:: Work item ::
Print the entire listing below word for word, excluding its pictures.

:: Material to process ::
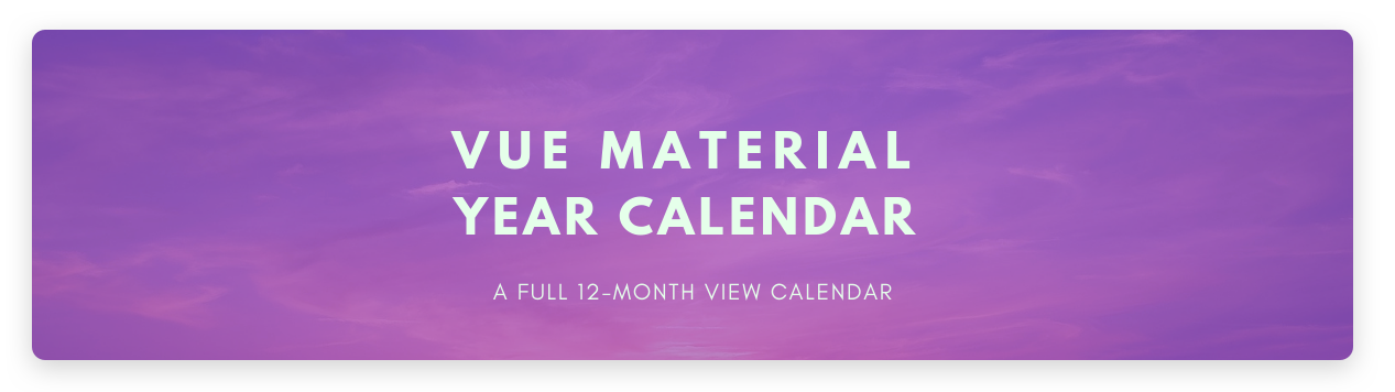 There is no full year (12 months on a page) calendar right now, the Vue-material-year-calendar is designed to solve this problem.
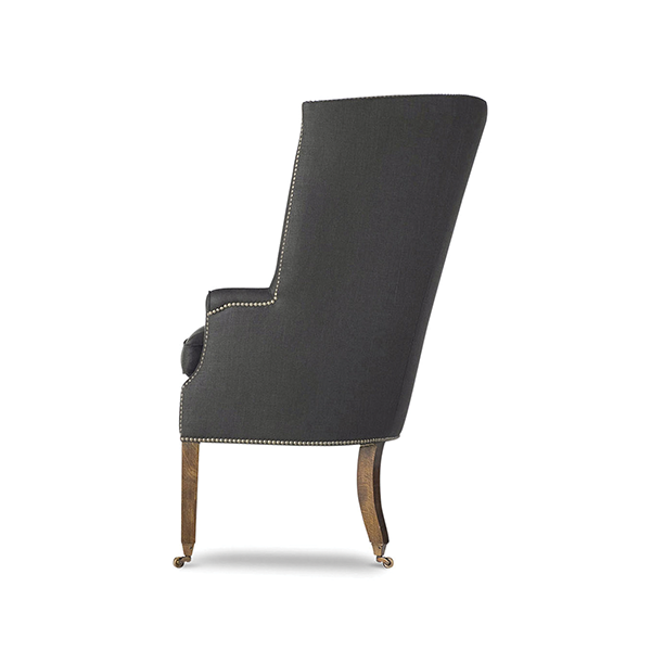 The Spencer, an unusual and very elegant wing chair with a striking, architectural shape, is a prime example. Available in any fabric, there are many alternative options for bespoke sizes, woodstain colours, leg and castor types etc.
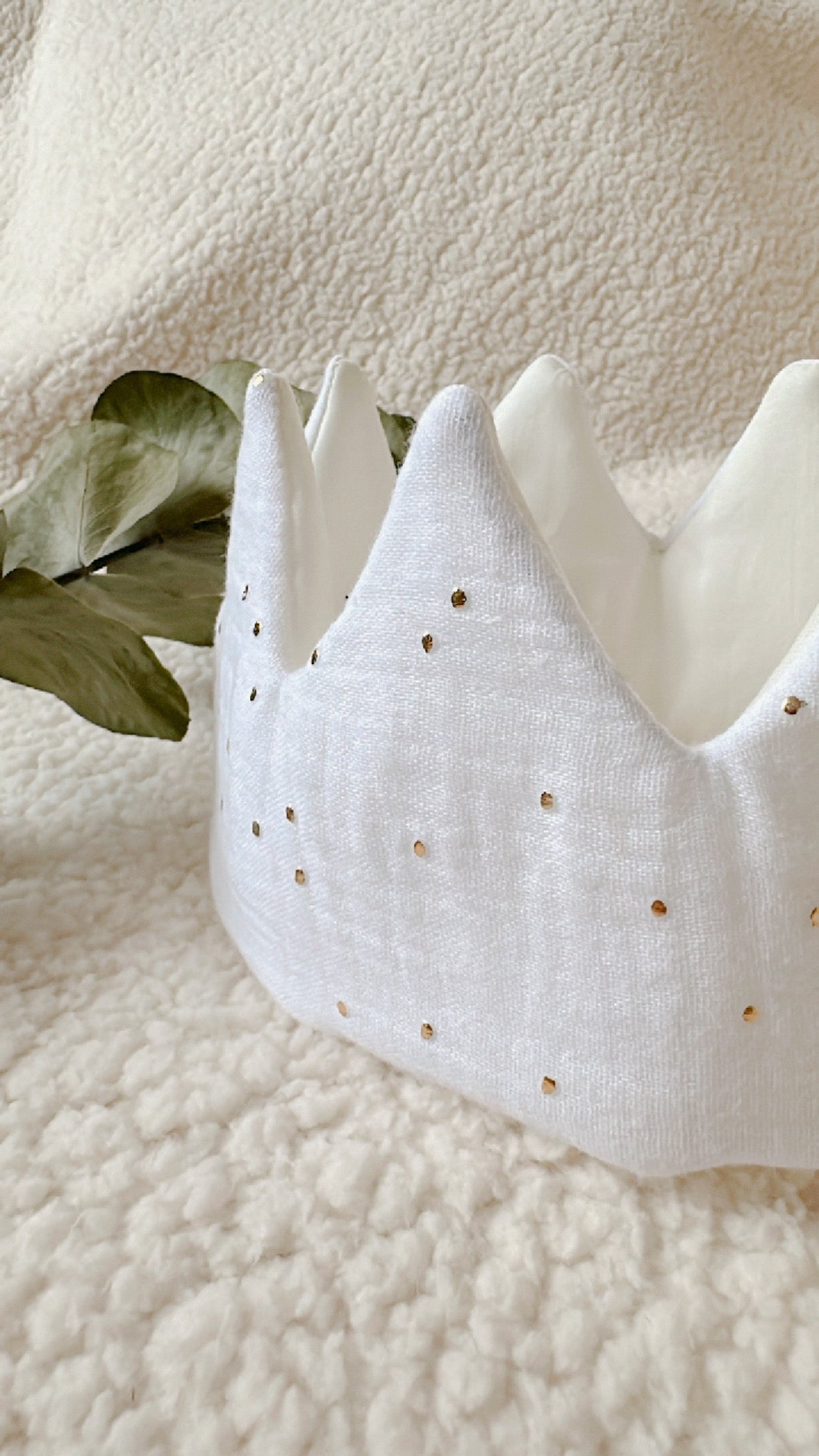 La Couronne en coton 0 à 12 ans est l'accessoire parfait pour l'épiphanie, les anniversaires, les baby showers ou les déguisements. Conçue en coton doux et écologique, elle est également durable et ajustable pour un confort optimal. Ajoutez une touche spéciale à toutes vos célébrations avec cette couronne unique en son genre.
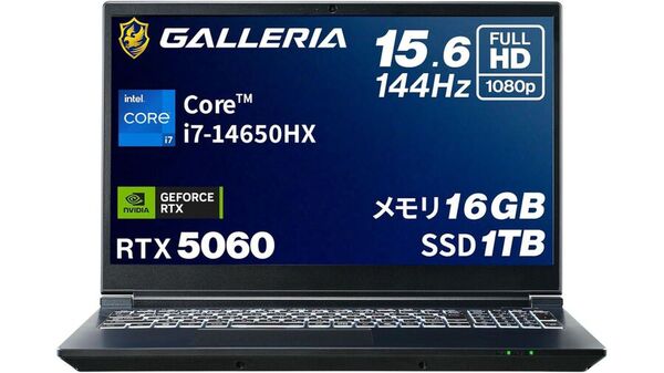 RL7C-R56-5Nは、インテル「Core i7-14650HX」とNVIDIA「GeForce RTX 5060」を搭載する15.6型ゲーミングノートPC。メモリーは16GB(DDR5-4800)、ストレージは1TB M.2 SSD、解像度はフルHD(1920×1080ドット)、リフレッシュレートは144Hz、OSはWindows 11 Homeなど。
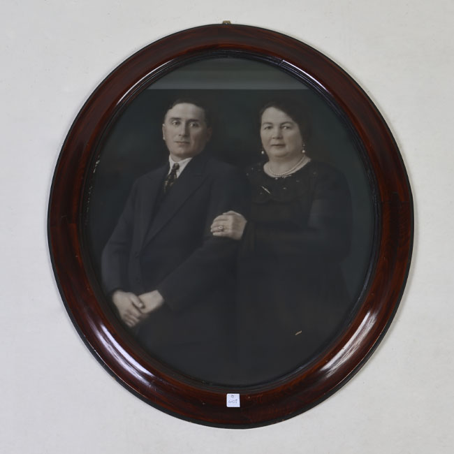 Fotografía ovalada de disposición vertical, donde se observa una pareja adulta, un hombre y una mujer, ambos de pie. El hombre viste de traje y la mujer un vestido largo, el pelo tomado y usa joyería.
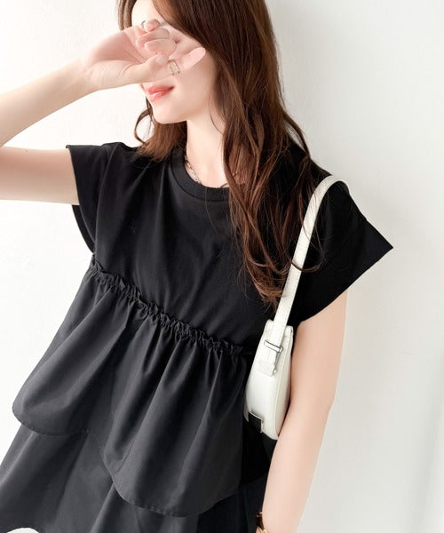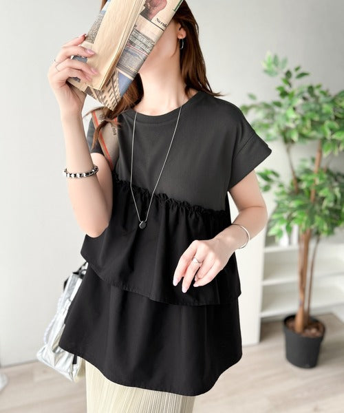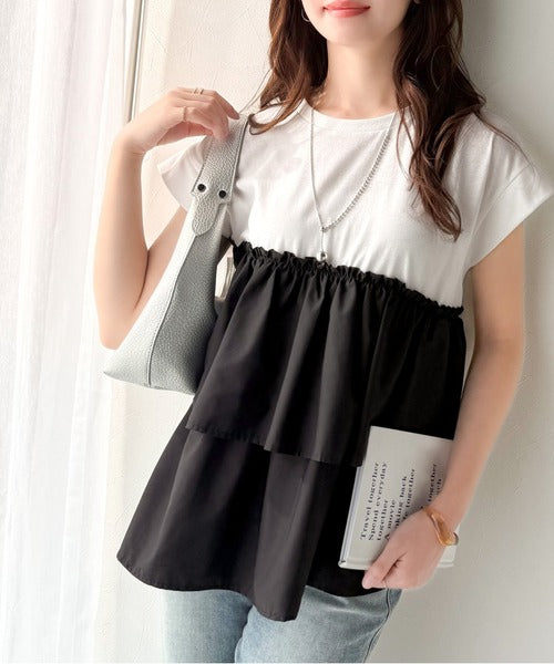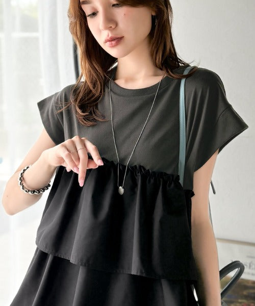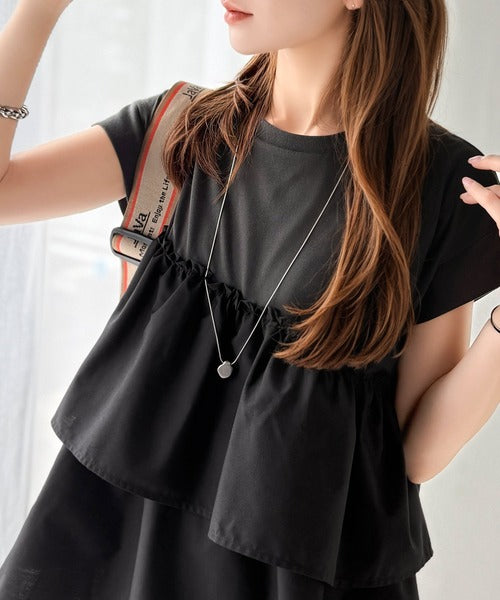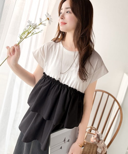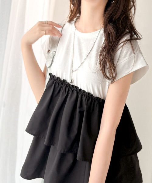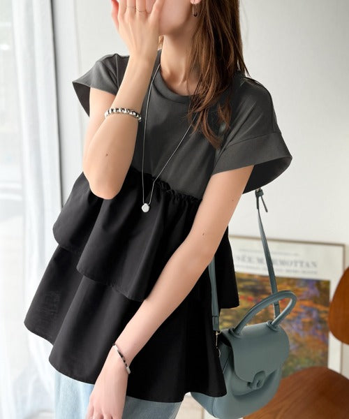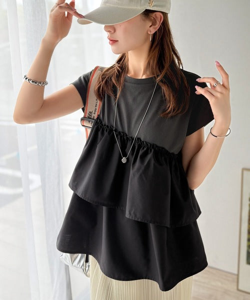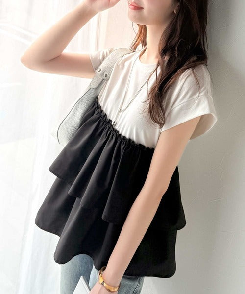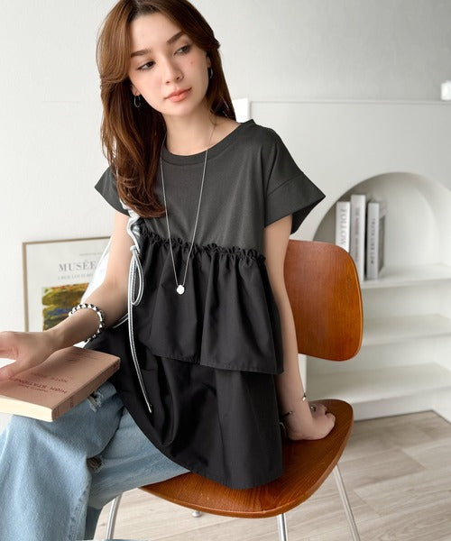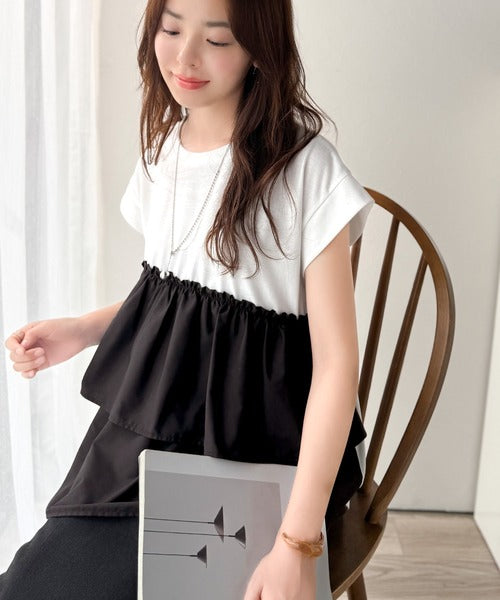 さらっとしたカットソーとふんわりフリルの切り替えデザインが特徴。
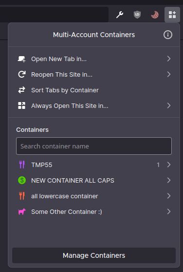 Here's how a container list looks like using the Multi-Account Containers addon from Mozilla:
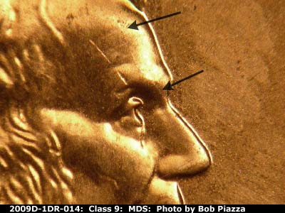A die crack on the forehead to the bridge of the nose. Obverse is EMDS. Reverse
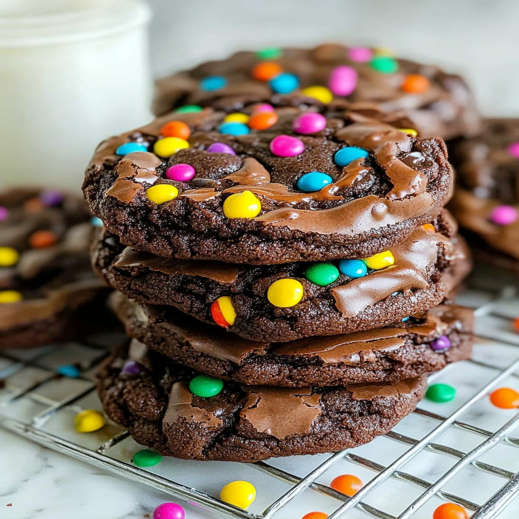 Cosmic Brownie Cookies are a delectable treat that combines the rich, fudgy goodness of brownies with a chewy cookie texture. Each bite is enhanced with semi-sweet chocolate chips and colorful candy-coated toppings, making them the perfect dessert for any occasion. Whether you’re hosting a party or indulging on a cozy night in, these cookies are sure to delight both kids and adults alike!
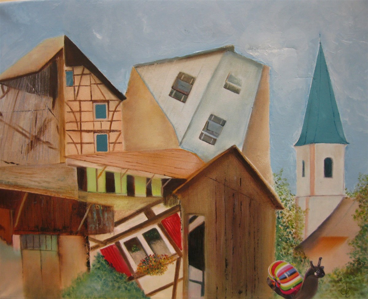 "Point de vue sur Hagenbach", huile sur toile de Chantal CARRIOT, Hagenb'Art
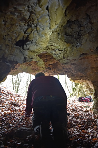 17. März 2002 Auf einer Frühfrühlingstour ins Obere Altmühltal besuchen Willi und ich noch die Bärensimahöhle (ein Mann namens Sima soll dort der Sage nach wie ein Bär gehaust haben) und die Klufthöhle westlich der Bärensimahöhle im Spindeltal. Beide Höhlen sind nur bei stärkstem Lokalinteresse erwähnenswert. Irgend jemand scheint an der Bärensimahöhle noch Interesse zu haben. Im Eingang steckte ein geschnitzter Baumschwamm mit den Initialen FL und ein paar abgebrochene Äste in Felslöchern.
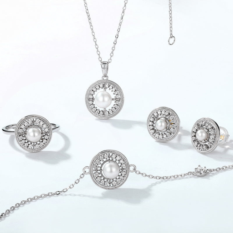 Zircon Disc Round Natural Freshwater Pearl Sterling Silver Stud Earrings
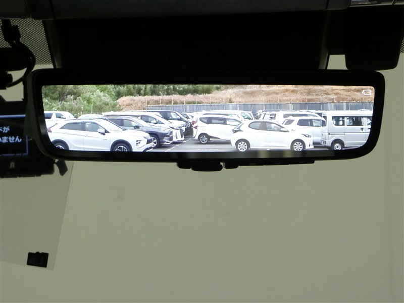 夜間でも明るく見えるデジタルミラー付きです。レバー操作で鏡面ミラーからデジタルミラーモードに切替可能です。
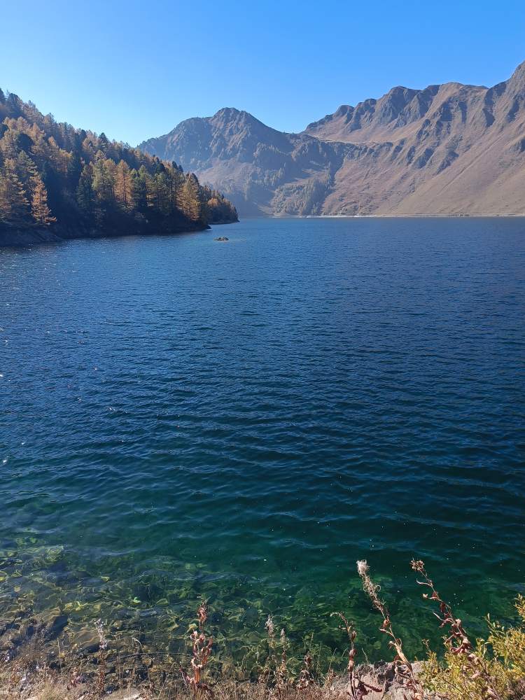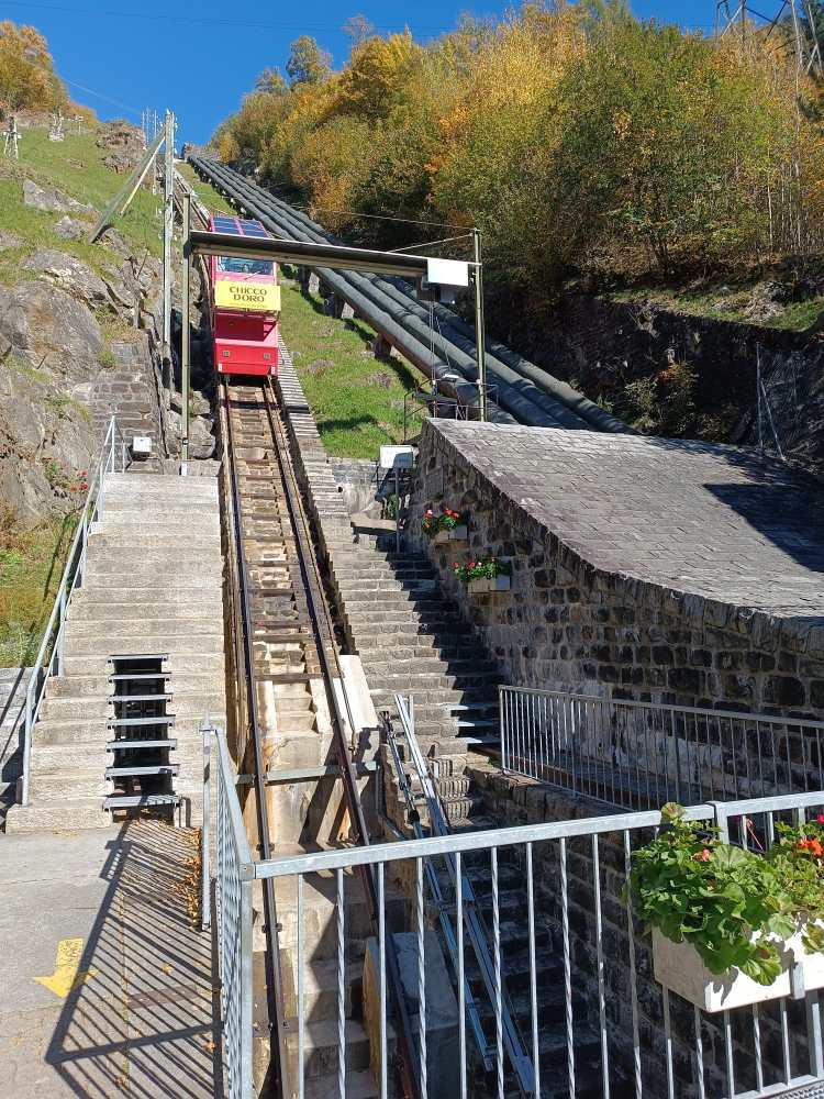 Ins Tessin, dort mit einer Bergbahn zu einem Stausee
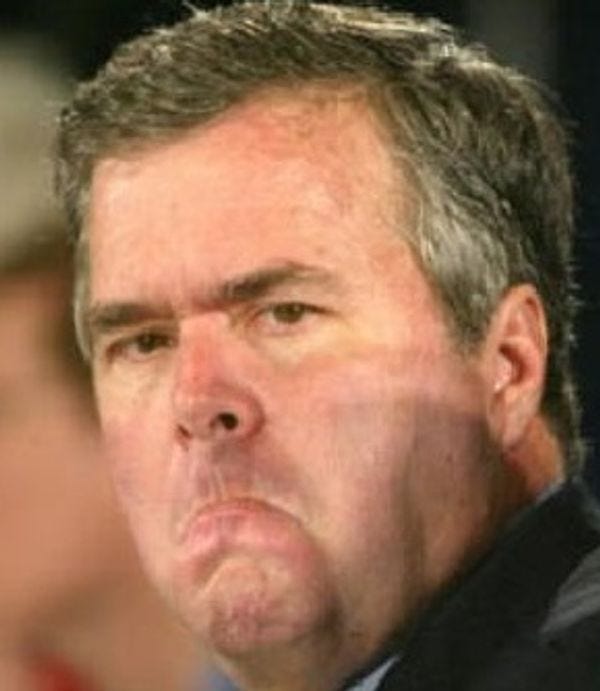 Yeah, notice any names missing up there? Maybe one big failure of a name in particular, maybe somebody whose dad was a bad president and whose brother was a bad president? That's right. Jebbers! In a head to head match up with Trump, he loses harder than Jeb! Bush having an arm-wrestling match with his mother, who hates him. To be exact, Trump has him 51-37. Overall with Iowa voters? That's even MORE sadder. He's cuddling with Mike Huckabee's man meat at 6 percent.
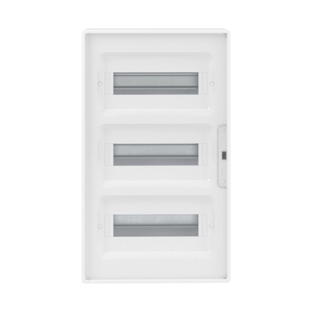 Корпус пластиковый настенный FRAME ЩРН-П-36 IP41 прозрачная дверь F36W1WT DKC - предназначен для монтажа в жилых и административных помещениях. Применяется для установки модульных устройств. Установка стандартных латунных шин возможна по всем стенкам корпуса щитка. Единый корпус шинодержателя можно разделить на сегменты, и использовать отдельно. Симметричный корпус щитка позволяет открывать дверь слева или справа. Количество модулей - 36. Цвет корпуса белый, цвет двери - прозрачная, ширина - 311,6 мм, высота - 529,1 мм, глубина - 102,8 мм. Материал - термостойкий и ударопрочный пластик. В комплекте: DIN-рейка из гальванической оцинкованной стали, сборочные винты для сборки щитка, 4 шины PEN 2 на 8 отверстий + 2 на 10 отверстий, 2 шинных держателя на 7 сегментов, наклейки для маркировки, инструкция по сборке.

:: Task response ::
 There is no full year (12 months on a page) calendar right now, the Vue-material-year-calendar is designed to solve this problem.
 The Spencer, an unusual and very elegant wing chair with a striking, architectural shape, is a prime example. Available in any fabric, there are many alternative options for bespoke sizes, woodstain colours, leg and castor types etc.
 La Couronne en coton 0 à 12 ans est l'accessoire parfait pour l'épiphanie, les anniversaires, les baby showers ou les déguisements. Conçue en coton doux et écologique, elle est également durable et ajustable pour un confort optimal. Ajoutez une touche spéciale à toutes vos célébrations avec cette couronne unique en son genre.
 RL7C-R56-5Nは、インテル「Core i7-14650HX」とNVIDIA「GeForce RTX 5060」を搭載する15.6型ゲーミングノートPC。メモリーは16GB(DDR5-4800)、ストレージは1TB M.2 SSD、解像度はフルHD(1920×1080ドット)、リフレッシュレートは144Hz、OSはWindows 11 Homeなど。
 Fotografía ovalada de disposición vertical, donde se observa una pareja adulta, un hombre y una mujer, ambos de pie. El hombre viste de traje y la mujer un vestido largo, el pelo tomado y usa joyería.
 さらっとしたカットソーとふんわりフリルの切り替えデザインが特徴。
 Here's how a container list looks like using the Multi-Account Containers addon from Mozilla:
A die crack on the forehead to the bridge of the nose. Obverse is EMDS. Reverse
 Cosmic Brownie Cookies are a delectable treat that combines the rich, fudgy goodness of brownies with a chewy cookie texture. Each bite is enhanced with semi-sweet chocolate chips and colorful candy-coated toppings, making them the perfect dessert for any occasion. Whether you’re hosting a party or indulging on a cozy night in, these cookies are sure to delight both kids and adults alike!
 "Point de vue sur Hagenbach", huile sur toile de Chantal CARRIOT, Hagenb'Art
 17. März 2002 Auf einer Frühfrühlingstour ins Obere Altmühltal besuchen Willi und ich noch die Bärensimahöhle (ein Mann namens Sima soll dort der Sage nach wie ein Bär gehaust haben) und die Klufthöhle westlich der Bärensimahöhle im Spindeltal. Beide Höhlen sind nur bei stärkstem Lokalinteresse erwähnenswert. Irgend jemand scheint an der Bärensimahöhle noch Interesse zu haben. Im Eingang steckte ein geschnitzter Baumschwamm mit den Initialen FL und ein paar abgebrochene Äste in Felslöchern.
 Zircon Disc Round Natural Freshwater Pearl Sterling Silver Stud Earrings
 夜間でも明るく見えるデジタルミラー付きです。レバー操作で鏡面ミラーからデジタルミラーモードに切替可能です。
 Ins Tessin, dort mit einer Bergbahn zu einem Stausee
 Yeah, notice any names missing up there? Maybe one big failure of a name in particular, maybe somebody whose dad was a bad president and whose brother was a bad president? That's right. Jebbers! In a head to head match up with Trump, he loses harder than Jeb! Bush having an arm-wrestling match with his mother, who hates him. To be exact, Trump has him 51-37. Overall with Iowa voters? That's even MORE sadder. He's cuddling with Mike Huckabee's man meat at 6 percent.
 Корпус пластиковый настенный FRAME ЩРН-П-36 IP41 прозрачная дверь F36W1WT DKC - предназначен для монтажа в жилых и административных помещениях. Применяется для установки модульных устройств. Установка стандартных латунных шин возможна по всем стенкам корпуса щитка. Единый корпус шинодержателя можно разделить на сегменты, и использовать отдельно. Симметричный корпус щитка позволяет открывать дверь слева или справа. Количество модулей - 36. Цвет корпуса белый, цвет двери - прозрачная, ширина - 311,6 мм, высота - 529,1 мм, глубина - 102,8 мм. Материал - термостойкий и ударопрочный пластик. В комплекте: DIN-рейка из гальванической оцинкованной стали, сборочные винты для сборки щитка, 4 шины PEN 2 на 8 отверстий + 2 на 10 отверстий, 2 шинных держателя на 7 сегментов, наклейки для маркировки, инструкция по сборке.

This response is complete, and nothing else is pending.